We see in our system several times per day WAL files accumulating and using storage even though this are deleted and processed by Loki. We then need to restart Loki to clear these.
Sep 27 02:25:09 loki: level=info ts=2023-09-27T00:25:09.155276006Z caller=checkpoint.go:340 msg="attempting checkpoint for" dir=/srv/loki_wal/wal/checkpoint.031132 Sep 27 02:25:09 loki: level=info ts=2023-09-27T00:25:09.173460786Z caller=checkpoint.go:340 msg="attempting checkpoint for" dir=/srv/loki_wal/wal/checkpoint.031132 Sep 27 02:26:00 loki: level=info ts=2023-09-27T00:26:00.411291663Z caller=checkpoint.go:502 msg="atomic checkpoint finished" old=/srv/loki_wal/wal/checkpoint.031132.tmp new=/srv/loki_wal/wal/checkpoint.031132 Sep 27 02:26:00 loki: level=error ts=2023-09-27T00:26:00.65447823Z caller=checkpoint.go:617 msg="error checkpointing series" err="create new segment file: open /srv/loki_wal/wal/checkpoint.031132.tmp/00000002: no such file or directory"
The last line shows for every single checkpoint processed by Loki. Not all checkpoint files get ‘stuck’ though.

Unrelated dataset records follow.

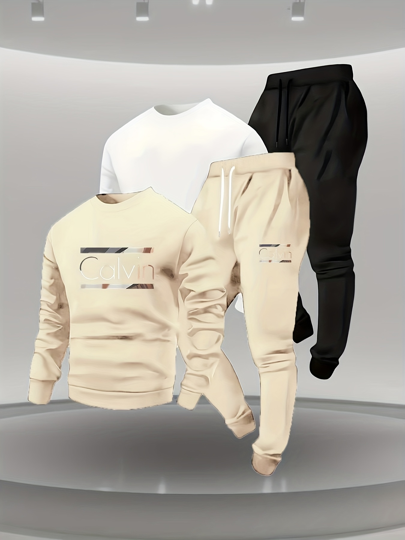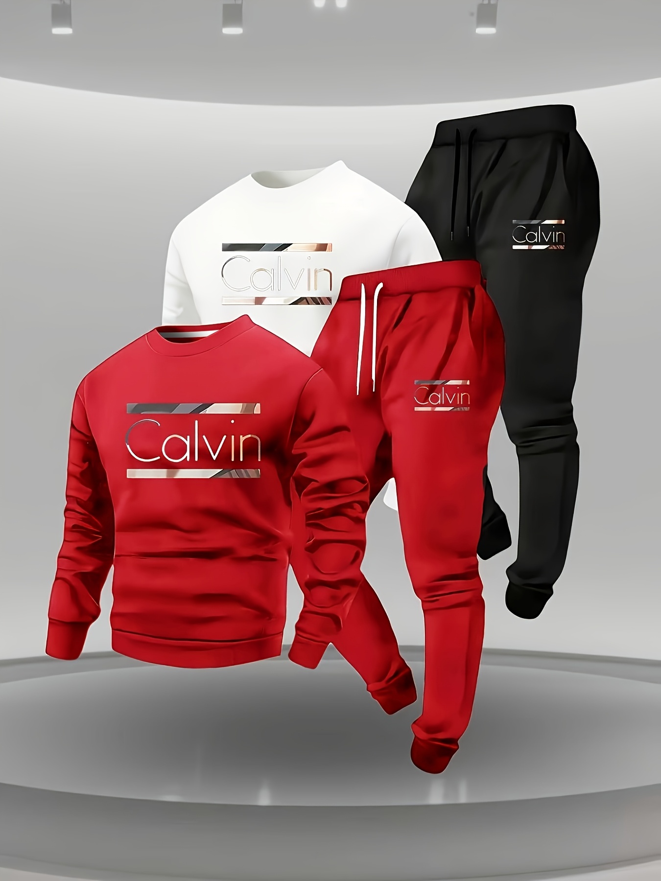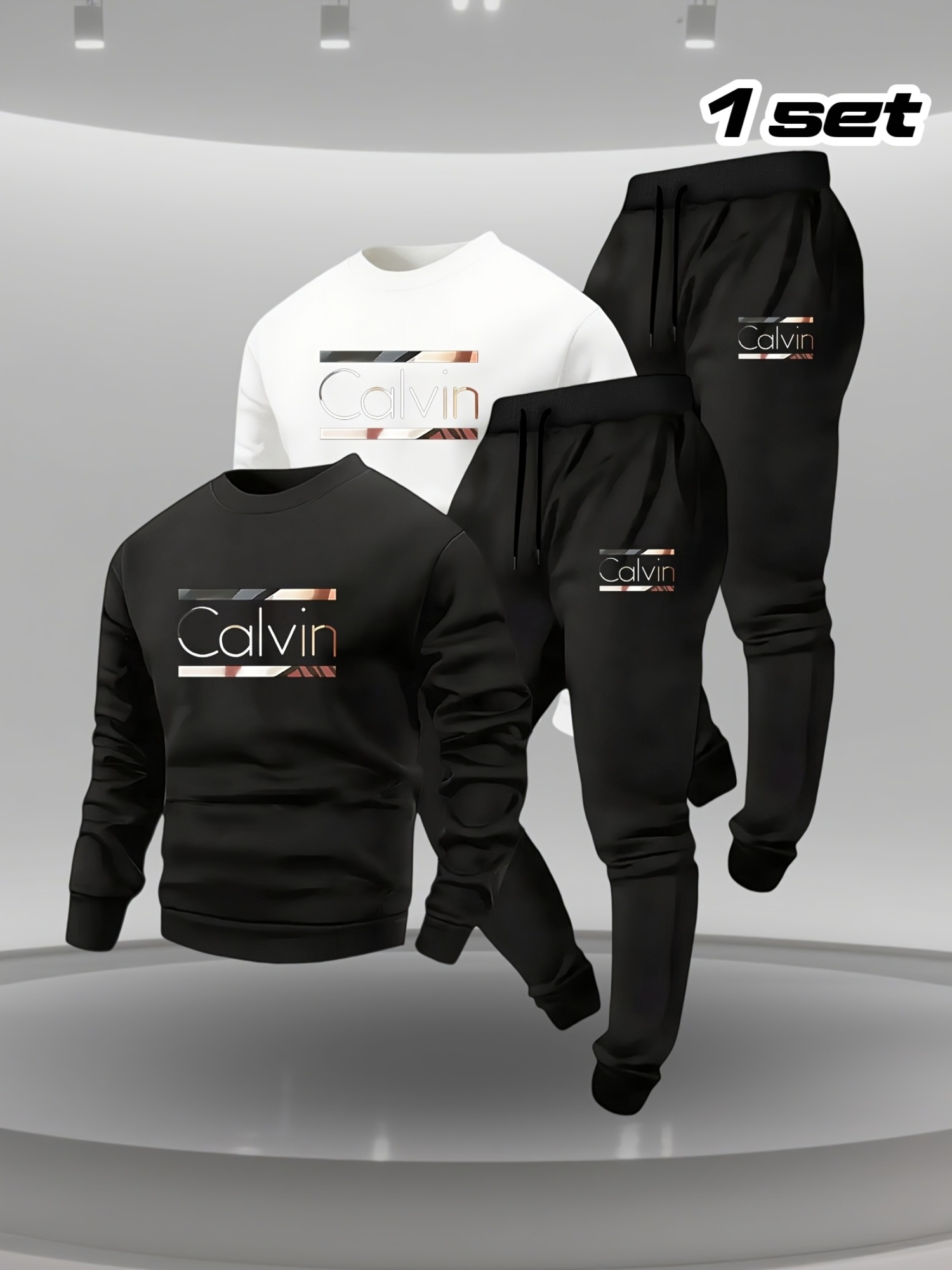 Men’s Two-Piece Trendy Printed Sweatshirt and Jogger Pants Set, 1 Set
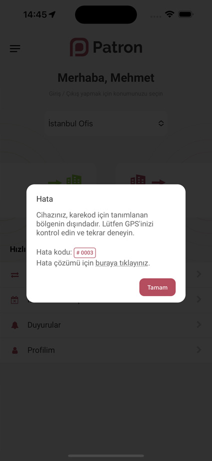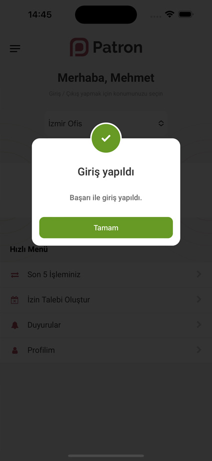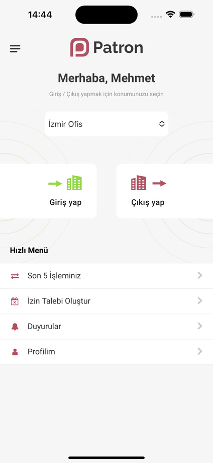 Yeni nesil PDKS - Personel Devam Kontrol Sistemi olan Patron, kullanıcıların akıllı telefonları dışında hiçbir cihaz, donanım ve yazılım gerekmeksizin, dakikalar içinde işletme personelinin giriş-çıkış zamanlarının kayıt altına alınması ve günlük / haftalık / aylık rapor oluşturulmasını sağlayan web tabanlı bir uygulamadır.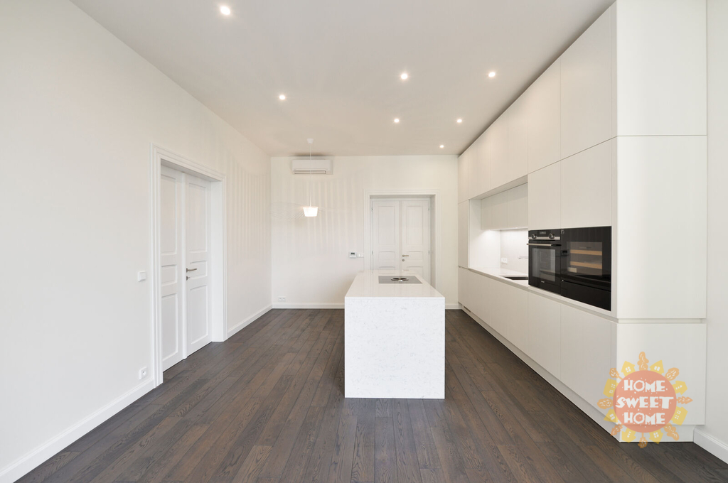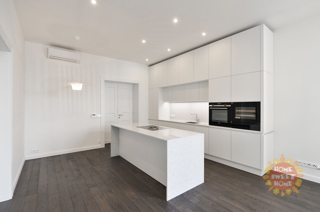 Nabízíme moderní zrekonstruovaný prostorný byt 4+kk (135m2 + 2m2 balkon) k pronájmu. Nadstandardní zařízený byt se nachází ve druhém nadzemním podlaží citlivě zrekonstruovaného secesního činžovního domu s výtahem v oblíbené lokalitě pražských Vinohrad, v ulici Laubova.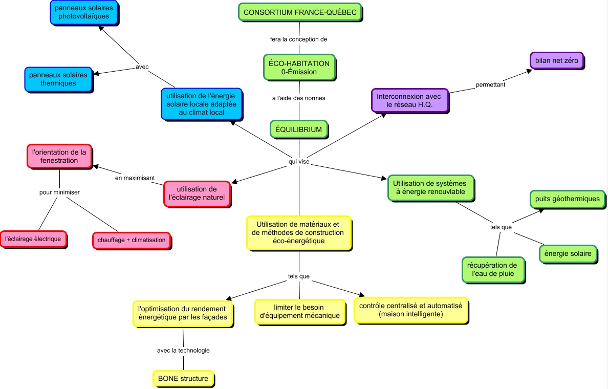 Cette carte de concepts créée avec IHMC CmapTools traite de: Éco-habitation 0-émission, l'orientation de la fenestration pour minimiser l'éclairage électrique, Utilisation de matériaux et de méthodes de construction éco-énergétique tels que contrôle centralisé et automatisé (maison intelligente), ÉQUILIBRIUM qui vise Utilisation de matériaux et de méthodes de construction éco-énergétique, Utilisation de systèmes à énergie renouvlable tels que puits géothermiques, Utilisation de matériaux et de méthodes de construction éco-énergétique tels que limiter le besoin d'équipement mécanique, Utilisation de systèmes à énergie renouvlable tels que récupération de l'eau de pluie, Utilisation de matériaux et de méthodes de construction éco-énergétique tels que l'optimisation du rendement énergétique par les façades, utilisation de l'éclairage naturel en maximisant l'orientation de la fenestration, CONSORTIUM FRANCE-QUÉBEC fera la conception de ÉCO-HABITATION 0-Émission, utilisation de l'énergie solaire locale adaptée au climat local avec panneaux solaires photovoltaïques, ÉQUILIBRIUM qui vise utilisation de l'éclairage naturel, ÉQUILIBRIUM qui vise Interconnexion avec le réseau H.Q., l'orientation de la fenestration pour minimiser chauffage + climatisation, l'optimisation du rendement énergétique par les façades avec la technologie BONE structure, ÉCO-HABITATION 0-Émission a l'aide des normes ÉQUILIBRIUM, ÉQUILIBRIUM qui vise utilisation de l'énergie solaire locale adaptée au climat local, Interconnexion avec le réseau H.Q. permettant bilan net zéro, utilisation de l'énergie solaire locale adaptée au climat local avec panneaux solaires thermiques, Utilisation de systèmes à énergie renouvlable tels que énergie solaire, ÉQUILIBRIUM qui vise Utilisation de systèmes à énergie renouvlable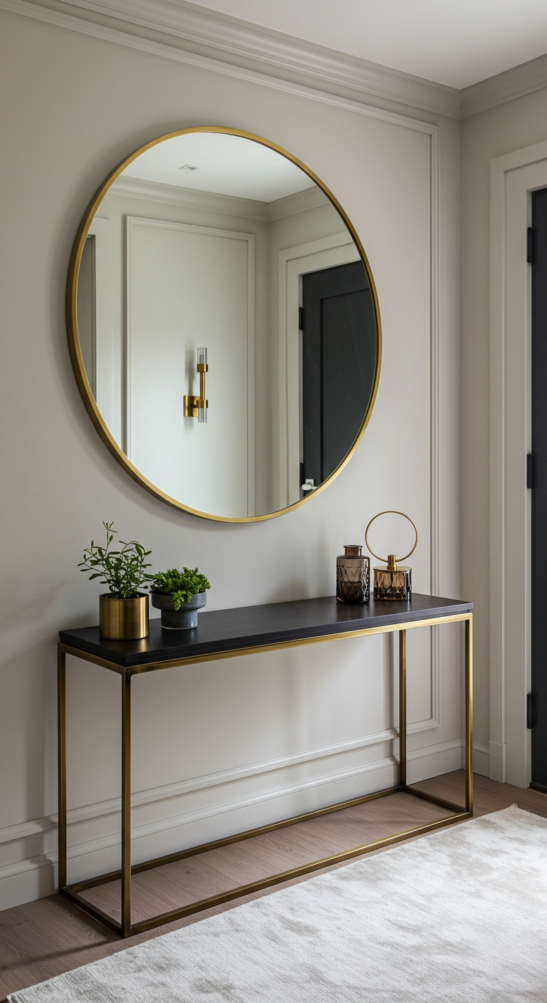 Le miroir rond de grande dimension est devenu un incontournable de la déco moderne. Il apporte douceur et élégance à l’entrée tout en réfléchissant la lumière naturelle pour agrandir visuellement l’espace.

We then observe that the file remains open (along with the current checkpoint - checkpoint.031135) although it was removed/deleted by Loki:
[root@lokihost wal]# lsof | grep deleted | grep loki loki 13580 root 43w REG 253,10 536838144 25 /srv/loki_wal/wal/checkpoint.031132/00000001 (deleted) loki 13580 13588 root 10w REG 253,10 536870912 27 /srv/loki_wal/wal/checkpoint.031135/00000001 (deleted) <--- current WAL checkpoint
This is our configuration for the ingester:
ingester: lifecycler: address: 127.0.0.1 ring: kvstore: store: inmemory replication_factor: 1 final_sleep: 0s chunk_encoding: snappy chunk_retain_period: 10m chunk_idle_period: 24h chunk_target_size: 1572864 wal: enabled: true dir: /srv/loki_wal/wal checkpoint_duration: 1m replay_memory_ceiling: 7GB max_transfer_retries: 0
We also are running Loki with the same settings in other environments and we do not see that issue there.